QGEN: Is a Put Play Setting Up? AI Bearish Signal
AI-powered insights updated on 11/4/2025.
Trend Strength
Price below 50-day MA
R S I Momentum
Weakening RSI signal
Volume Surge
High volume surge indicates selling pressure
QGEN Earnings Date & Key Events
| Date | Event | Type |
|---|---|---|
| 11/4/2025 | QGEN Earnings | QGEN-Specific |
Full Analysis Breakdown
No relevant news was found for this stock today.
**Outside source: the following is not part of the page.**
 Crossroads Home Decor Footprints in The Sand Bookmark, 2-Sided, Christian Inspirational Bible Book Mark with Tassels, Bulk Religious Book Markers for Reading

QGEN's technical outlook is bearish. The recent price action shows a clear downtrend, with the price falling from a high near $51.88 in late July to $44.14 as of November 4th. The stock price is below its 21-day EMA of $47.34 and its 50-day SMA of $46.78, confirming the downward trend. The MACD is negative and trending downwards, with the MACD line below the signal line, further indicating bearish momentum. The RSI at 38.11 is also indicative of oversold conditions, but given the strength of the downtrend, it may have further to fall. The Stochastic oscillator also confirms this downward pressure. While there may be short-term bounces, the overall trend suggests continued weakness in the coming 1-3 months. The Bollinger Bands show the price near the lower band, suggesting potential for a continued move to the downside. The ADX is at 24.94, indicating the presence of a trend, and the negative DMP is larger than the positive DMP, which confirms a downtrend.
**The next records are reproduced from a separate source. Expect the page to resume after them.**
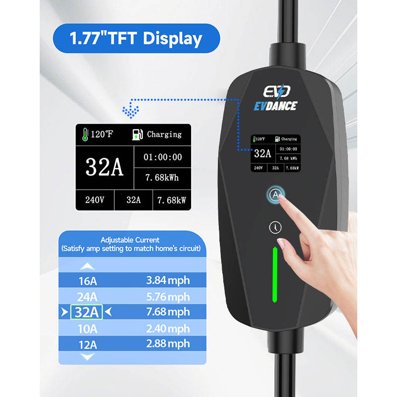 เครื่องชาร์จรถยนต์ EV 7kw AC เชิงพาณิชย์7kw แอป Tuya เครื่องชาร์จระดับ2แบบพกพาป้องกัน IP66ใหม่
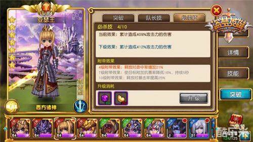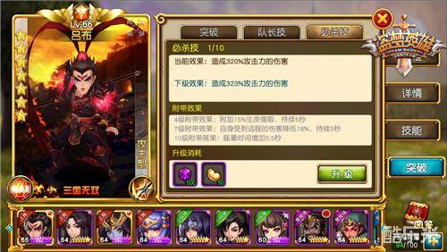 技能突破开启初期,必杀技的等级默认为0级,每升一级都会在0级属性上做对应提升。4级及之后每升3级(即4/7/10级)会获得额外能力,比如战斗时临时提升属性、附带克制效果等,最多提升到10级。和天赋技能一样,在英雄界面可以实现必杀技升级面板的切换,必杀技升级需要消耗相应数量的进化石、仙豆。
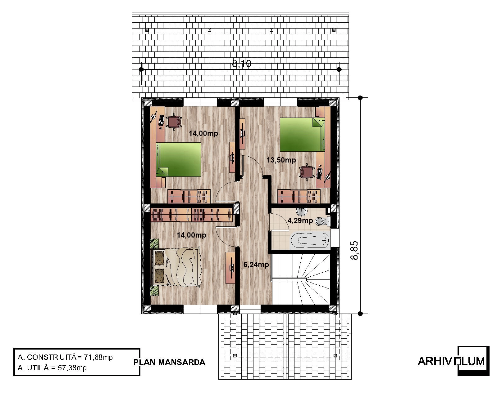 Etajul mansardat este compus din 3 dormitoare bine dimensionate cu o baie comună. Casa cu 3 dormitoare are o suprafață utilă de 122,00mp. Casa unifamilială cu o suprafață utilă interioară de de 122 mp, este soluția perfectă pentru o familie cu 4 membrii sau poate fi și o casă de vacanță foarte elegantă.

QIAGEN's Q2 2025 earnings call projects a moderately bullish outlook. Management highlighted exceeding their Q2 outlook with 'solid growth and improved profitability,' as net sales rose 7% to $534 million. Core sales, excluding discontinued products, also grew 6% CER. Consequently, the company is 'upgrading our full year '25 sales outlook' to 4% to 5% net sales growth at constant exchange rates, and 5% to 6% CER growth in the core portfolio. Adjusted EPS is confirmed at about $2.35 at CER. Key growth pillars performed strongly, with QIAstat-DX sales up 41% CER and QuantiFERON sales rising 11% CER. While instrument placements for QIAcuity were slightly below the prior year due to cautious capital spending, the company remains confident in achieving its targets for the back half of the year. Despite a 4% CER sales decline in the Asia Pacific region, driven by low teens decline in China, the overall tone is positive, supported by strong financial results and an expanded range of ways to create value for shareholders, including the payment of the first-ever annual dividend and authorization for another share repurchase program.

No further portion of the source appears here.